Кое-что из утверждений Престкотта верно. Я знаю это, и я это признаю, невзирая на то, что у меня нет причин любить его. Он как пишет мне Лоуэр, лишился рассудка, столкнувшись с доказательством того, что собственным жестоким коварством свел на нет все свои усилия и надежды, и что сбылись все предостережения ирландца. Быть может, и так; однако я убежден, что до того момента он более или менее был в здравом уме, и его воспоминания также верны, пусть даже выводы, какие он извлекает из них, совершенно ошибочны. В конце концов, требуются немалые способности и изощренный ум, чтобы изложить дело так, как делает это он: сохрани он их, то, возможно, стал бы отменным адвокатом. Все до единого, с кем он беседовал, говорили ему, что его отец виновен, и он был виновен. С величайшим умением Престкотт выискивает и указывает на доказательства невиновности и оставляет без внимания все, что свидетельствует об истинных глубинах предательства его отца. Под конец я сам почти ему поверил, хотя и лучше других знал, что передо мной хитросплетение бессмыслиц и вздора.
Но разве меньшего доверия заслуживает рассказ этого несчастного, чем рассказы других, не менее искаженные и извращенные, пусть и вследствие иных страстей? Пусть Престкотт безумец, но Кола - лжец. Может статься, его ложь умолчанием - ничтожная малость в сравнении с пропусками и увертками, какими пестрят две прочие рукописи. И тем не менее он лжет, потому что, как говорит Аммиан: "Vertas vel silentio vel mendacio" - истина равно оскверняется молчанием и ложью. Ложь скрыта во фразе столь, казалось бы, безобидной, что неудивительно, что даже Уоллис ее пропустил. Но она искажает все остальное в рукописи и правдивые слова обращает в неправду, ибо, подобно аргументам схоласта, с непререкаемой логикой извлекает выводы из ложных посылок.
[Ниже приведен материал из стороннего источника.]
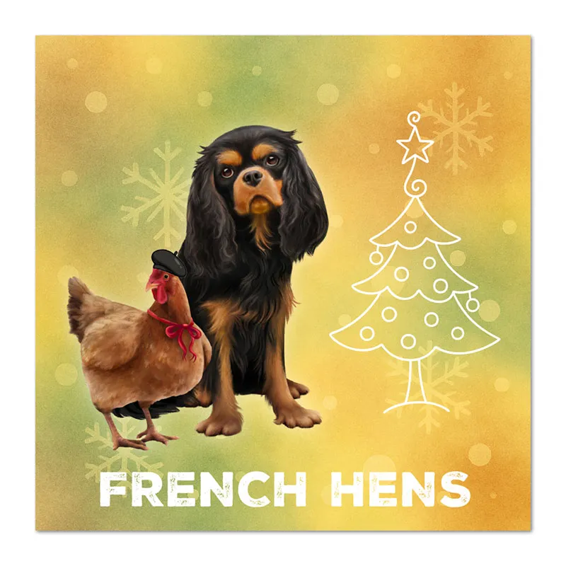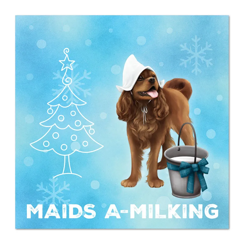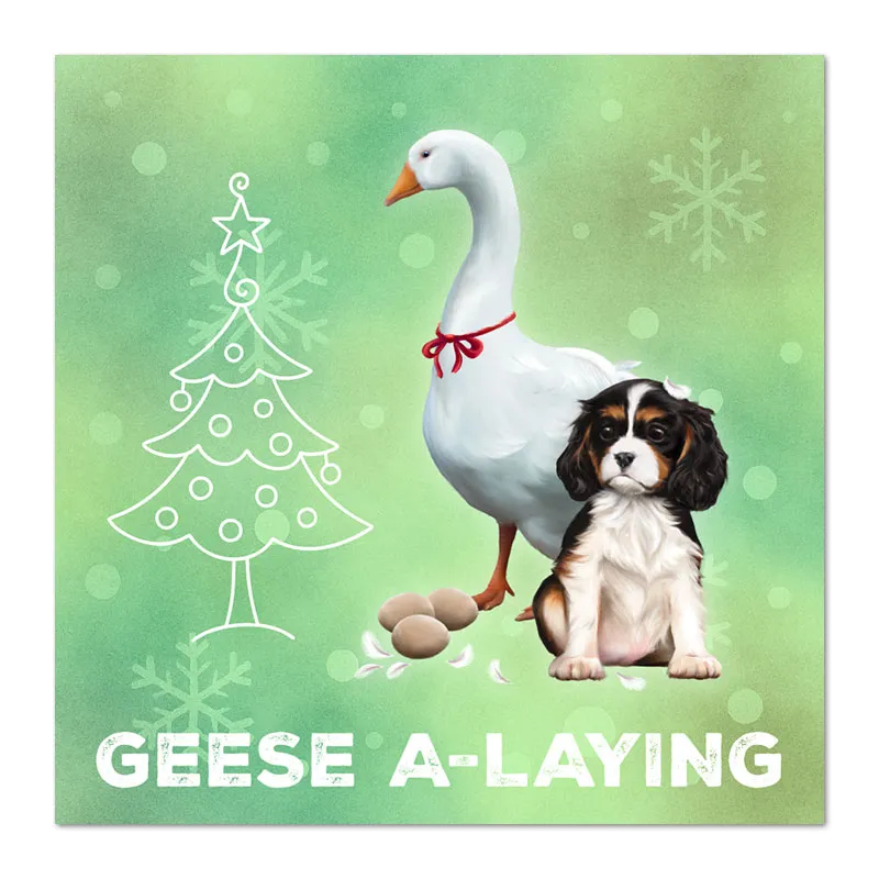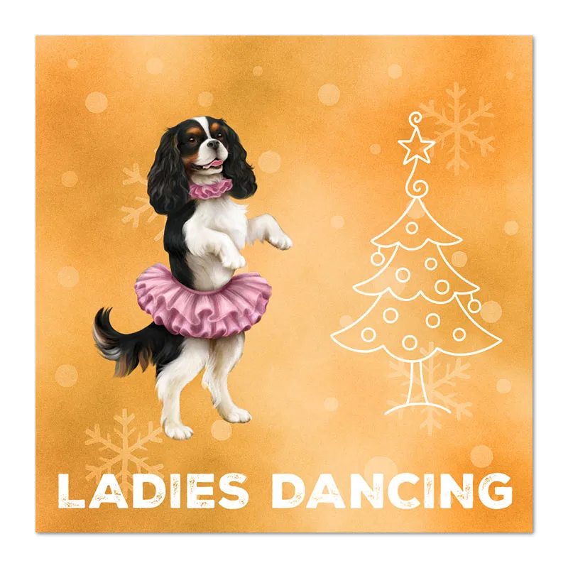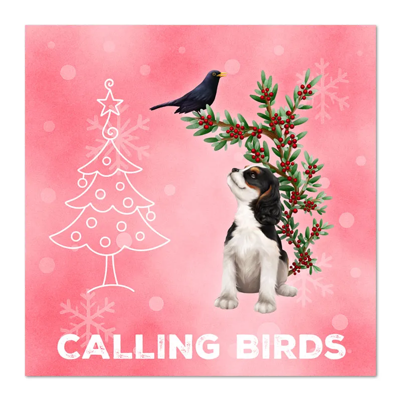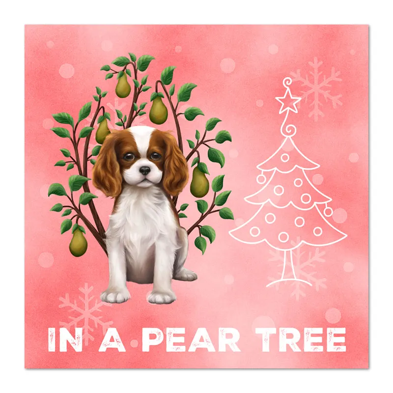 Our unique Cavalier King Charles Spaniel Christmas cards put a delightful new twist on the classic "12 Days of Christmas." Featuring 12 exclusive designs, these cards are perfect for spreading joy – you could even send the full series to one person, day by day!
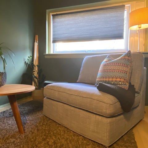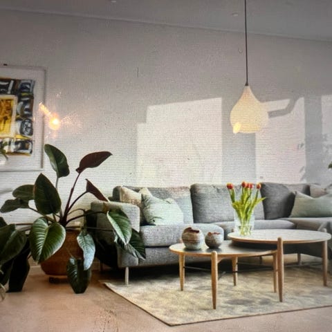 Sofa som har stått i pendlerleilighet og er derfor svært lite brukt. Ser ut som da den ble kjøpt i 2021. Har kvittering. Fargen er et sted mellom blå, turkis og grå. Fått mange komplimenter for den. Tekstilen er myk og føles som ull. Lett å montere/demontere.
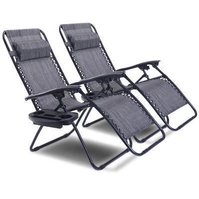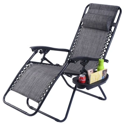 Zero Gravity Chairs, A Perfect Choice In The Beach, Yard, And In Your Home. Made Of Steel Frame, This Lounge Chair Is sturdy And Sturdy, Whose Max Weight Capacity Reach 300lbs. Bear Your Comfort In Mind, The Design Of Headrest Pillow Has An Elastic Band That Allows You To Easily Place The Pillow Where It Works Best For You And The Smooth Recline Function Easily Locks Into Your Desired Position By Flipping The Knobs On Both Sides Away From The User To Lock The Reclined Position In Place. A Cup And Magazine Holder Come With It, So You Can Enjoy Drinking Or Reading When You Lying On It. This Lounge Chair Is Good Choice For Your Relax, Relief, Sleep And Entertainment. Do Not Hesitate, Just Buy One!
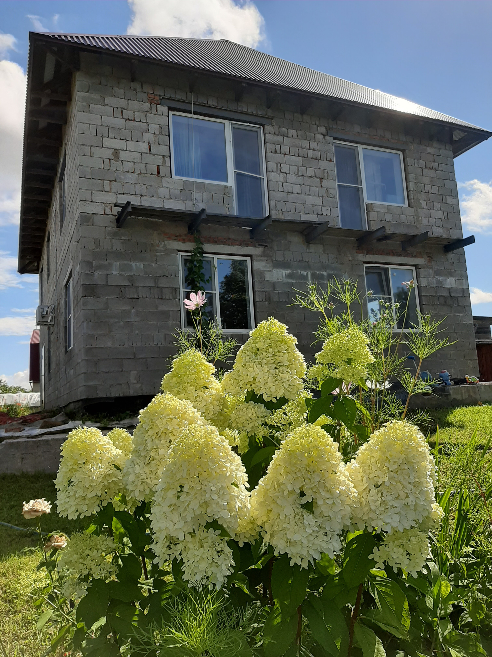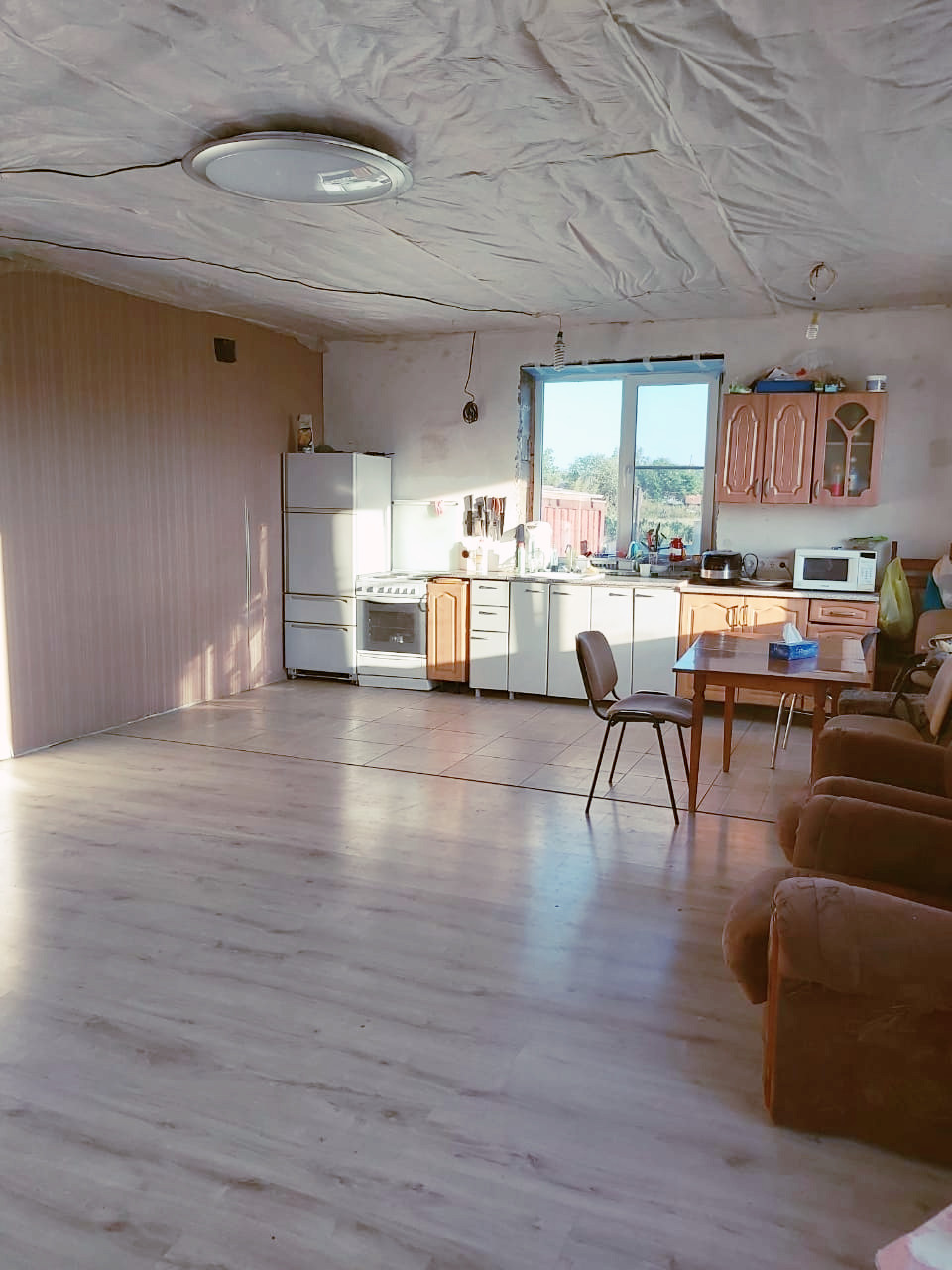 Коммуникации: Скважина (вода пригодная для употребления), водопровод (насосная станция Wilo), горячая вода (бойлер Аристон на 150л.), автономная канализация на большую семью 8-10чел.,

"Марко да Кола, благородный венецианец, почтительно вас приветствует". Так начинает он, и с этого момента нужно тщательно взвешивать каждое его слово. Само появление рукописи следует подвергнуть рассмотрению: зачем он вдруг написал ее после стольких лет молчания? С другой стороны, назвать его лживым вовсе не означает, что он повинен в поступках и побуждениях, какие приписывает ему Уоллис. Венецианец был совсем не тем, чем казался, и не тем, кем выставляет себя теперь, но он ничем не злоумышлял против безопасности королевства и жизни лорда Кларендона. Уоллис столь привык жить в темном и зловещем мире, какой сам же и выдумал, что оказался уже не способен отличать правду от выдумки или искренности от вероломства.
Но как мне определить, какому утверждению верить, а какое отвергнуть? Я не могу раз за разом повторять одни и те же события с мельчайшими вариациями, как проделал это Шталь, когда с помощью своих химикалий установил, как умер доктор Гров. Но даже будь это в моей власти, непогрешимый философский метод представляется непригодным, когда речь идет о поступках и побуждениях людей, а не о трансформации мертвой материи. Я одно время посещал лекции герра Шталя по химии и должен сказать, ничего из них не почерпнул. Собственные опыты Лоуэра по переливанию крови сперва породили уверенность в том, что это величайшая панацея от всех болезней, а позднее (после многих смертей во Франции) savants* [Ученые (фр.).] сочли, что нет, напротив, это пагубная метода. И то и другое одновременно невозможно, господа философы. Если вы правы теперь, то как вы могли столь тяжко ошибаться прежде? Почему, если священнослужитель меняет свое мнение, это доказывает слабость его воззрений, а когда то же делает человек науки, это доказывает ценность его метода? Так как же ничтожному хроникеру, подобному мне, трансмутировать свинец погрешностей в этих записках в золото истины?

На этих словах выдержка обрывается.